Witts, Jessica Katherine
(2022)
Exploitation of lichens as a source of novel natural products.
PhD thesis, University of Nottingham.
Abstract
Lichens can be described as an obligate mutualistic symbiosis, usually between an ascomycete fungus (the mycobiont) and either a green alga and/or cyanobacterium (the photobiont), in which a unique thallus structure is formed. Fungal species which follow this evolutionarily successful lifestyle are known to produce a diverse range of secondary metabolites, many of which are unique to lichens and are not found to be produced in other non-lichen fungal species. Lichen secondary metabolites, the majority of which are thought to be produced by the fungal partner, possess a variety of biological activities and, therefore, have the potential for biotechnological and industrial applications. However, the extremely slow growth rate associated with lichens hampers their biotechnological exploitation as it is neither feasible nor sustainable to produce lichen secondary metabolites on an industrial scale. Thus, alternative methods are required for the production of lichen secondary metabolites.
This study used two approaches in an attempt to overcome this problem. The first approach involved the use of UV mutagenesis to create mutants of various lichen mycobionts (Xanthoria parietina, Lecanora chlarotera and Amandinea punctata) possessing a faster growth rate. It was planned to analyse these mutants at the genomic level in order to obtain insights into the mutations supporting higher growth rates. However, although results obtained in this study showed that exposure of X. parietina ascospores to UV-C appeared to produce potentially faster-growing mutants with at least an incremental increase in growth rate, only pilot work was conducted in this study and further elucidation of the genetic basis of this increased growth rate is required.

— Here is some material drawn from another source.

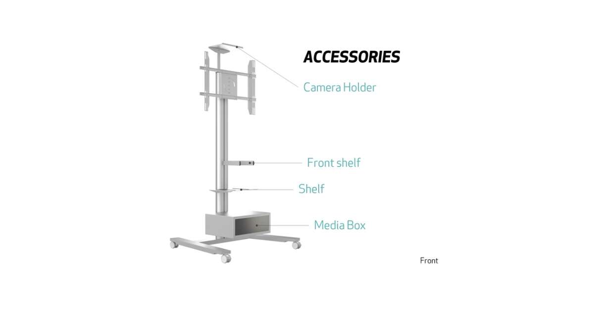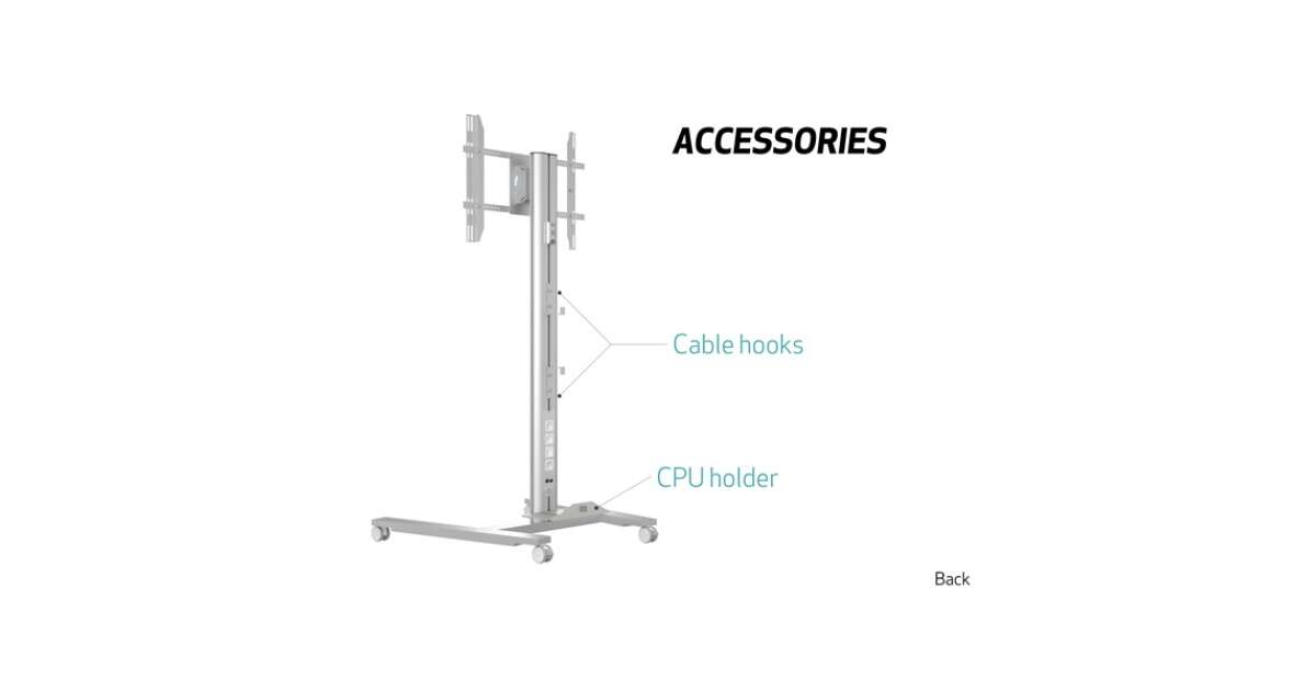 Ten stojak jezdny to idealne rozwiązanie dla ekranów o przekątnej od 55 do 80 cali, niezależnie od tego, czy używasz go do prezentacji, tablicy cyfrowej czy wyświetlacza informacyjnego. Dzięki kółkom łatwo go przesuwać, a jego wysokość jest regulowana.

The second approach used in this study to achieve the production and characterisation of lichen-derived secondary metabolites was that of the heterologous expression of lichen secondary metabolism genes in the non-lichen fungal expression platform strains Aspergillus niger ATNT16 and Aspergillus oryzae OP12. The heterologous expression of two types of lichen secondary metabolism genes, those encoding polyketide synthases and non-ribosomal peptide synthetase-like enzymes, was attempted. A number of polyketide products have been described from lichens, the biosynthesis of some of which are restricted to lichen species. Conversely, no metabolites originating from NRPS-like enzymes have been described from lichens, but the enzymes are conserved.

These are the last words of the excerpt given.